Sherman and Brown Introduce Bill to Provide Justice to Wells Fargo Victims
Legislation Allows Cheated Customers Their Day in Court
Sherman Oaks, CA – Today, Congressman Brad Sherman (D- Sherman Oaks) and Senator Sherrod Brown (D-Ohio) introduced the Justice for Victims of Fraud Act of 2016. The bill will close a Wells Fargo forced arbitration loophole by preventing Wells Fargo from applying its mandatory arbitration clauses to the millions of fake accounts created without customer consent.
“If a customer never authorized the opening of a credit card or checking account, that same customer should not be bound by an arbitration agreement for a separate, legitimate account,” said Sherman. “Cheated customers should have the choice to opt out of phony contractual arbitration provisions and seek justice in court.”
The bill also clarifies that a judge should make a decision in public about whether an account was fraudulently opened, rather than a determination being made by an arbitration panel behind closed doors.
“Forced arbitration is shielding Wells Fargo from being held accountable for tanking customers’ credit scores and charging them fraudulent fines,” said Brown. “Wells Fargo’s customers never intended to sign away their right to fight back against fraud and deceit. We need to give customers back their ability to seek justice in court so they can be made whole again.”
Sherman is a senior member of the Financial Services Committee. He questioned former Chairman and CEO of Wells Fargo John Stumpf in a Committee Hearing on September 29, 2016 about whether the bank will apply its mandatory arbitration clauses intended for real accounts to the fraudulent accounts.
“The cheated Wells Fargo customers deserve their day in court. Are you going to hold them to these forced arbitration clauses and screw them again out of their day in court, or are you willing to waive those clauses and say if you're caught up in this, you get your choice whether you have arbitration or not?” asked Sherman.
In his response, Stumpf refused to waive forced arbitration for the victims.
Sherman has also called attention to Wells Fargo’s deception. He documented how Stumpf bragged about the bank’s credit card cross penetration rates to shareholders well after the firing of thousands of employees for falsifying accounts.
“Wells Fargo took 5,300 good Americans and turned them into felons with a system that its executives created and benefited from,” said Sherman.

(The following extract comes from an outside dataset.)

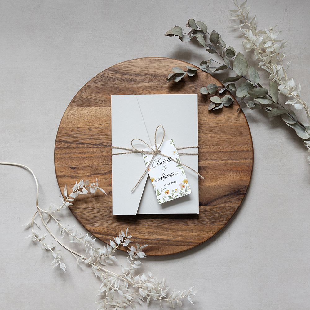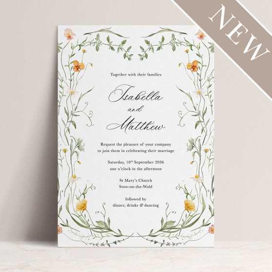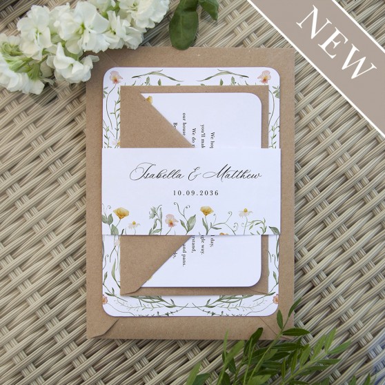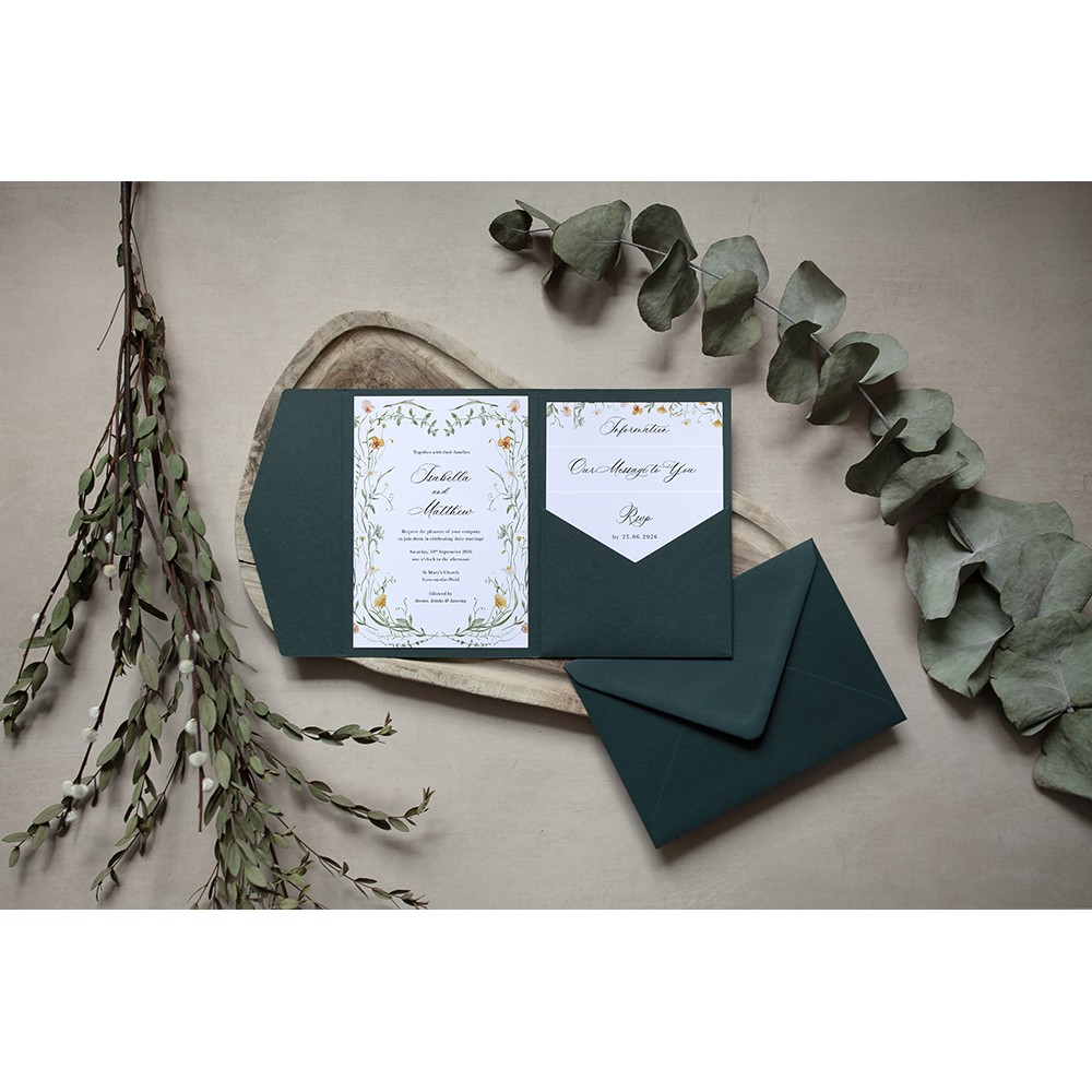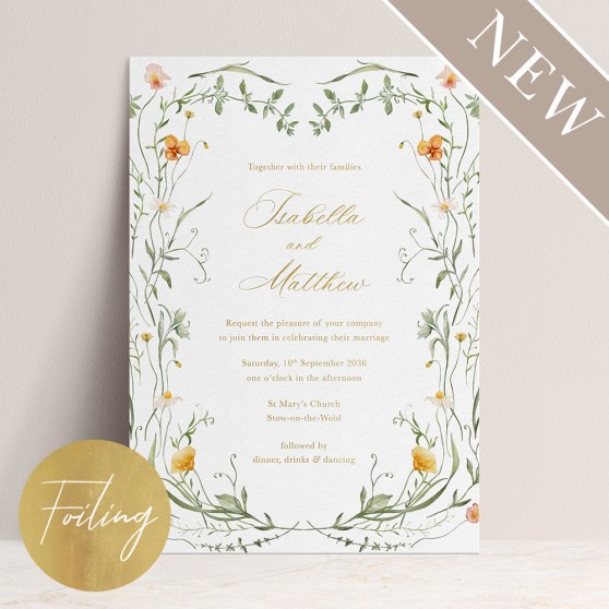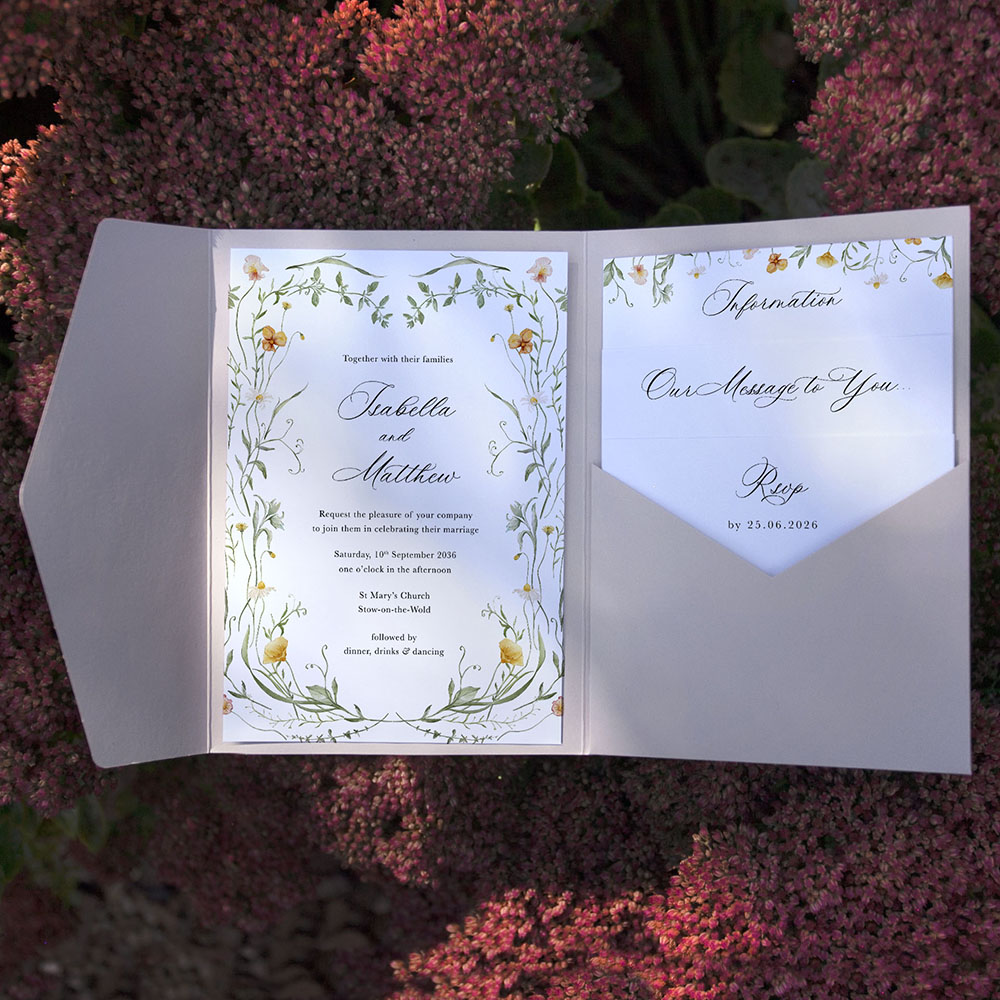 Our Golden Meadow Pocketfold Wedding Invitation is filled with delicate hand-drawn florals, inspired by wild meadows in bloom. Soft botanical illustrations frame your details with charm and lightness, while elegant script typography brings a romantic, natural feel to the design. The pocketfold layout keeps your RSVP, guest information and other inserts neatly organised for a thoughtful, polished presentation. Perfect for countryside, boho or garden weddings.

The bill has been endorsed by the American Association for Justice, Consumers Union, the National Association of Consumer Advocates, the National Consumer Law Center (on behalf of its low income clients), Americans for Financial Reform, the Center for Responsible Lending, the National Association for the Advancement of Colored People (NAACP), Media Voices for Children, Allied Progress, the Woodstock Institute, the Franciscan Action Network, the Economic Policy Institute Center, California Reinvestment Coalition, Consumers for Auto Reliability and Safety, National Consumers League, and Public Justice.
In introducing the Justice for Victims of Fraud Act of 2016, Sherman and Brown were joined by Representatives Conyers (Ranking Member of the Judiciary Committee), Capuano, Cartwright, Chu, Danny Davis, Edwards, Grijalva, Lawrence, Napolitano, and Norton and Senators Leahy, Franken, Durbin, Tester, Murray, Merkley, Warren, Hirono, Casey, Warner, Menendez, Blumenthal, Heitkamp, and Reed.
Sherman has been a longtime advocate of breaking up the big banks. He introduced the Too Big to Fail, Too Big to Exist Act with Senator Bernie Sanders.
“Wells Fargo’s deceptive and fraudulent practices demonstrate that it’s too big to fail, too big to manage, too big to regulate, and too big to exist. It’s time to break these giant banks up,” said Sherman.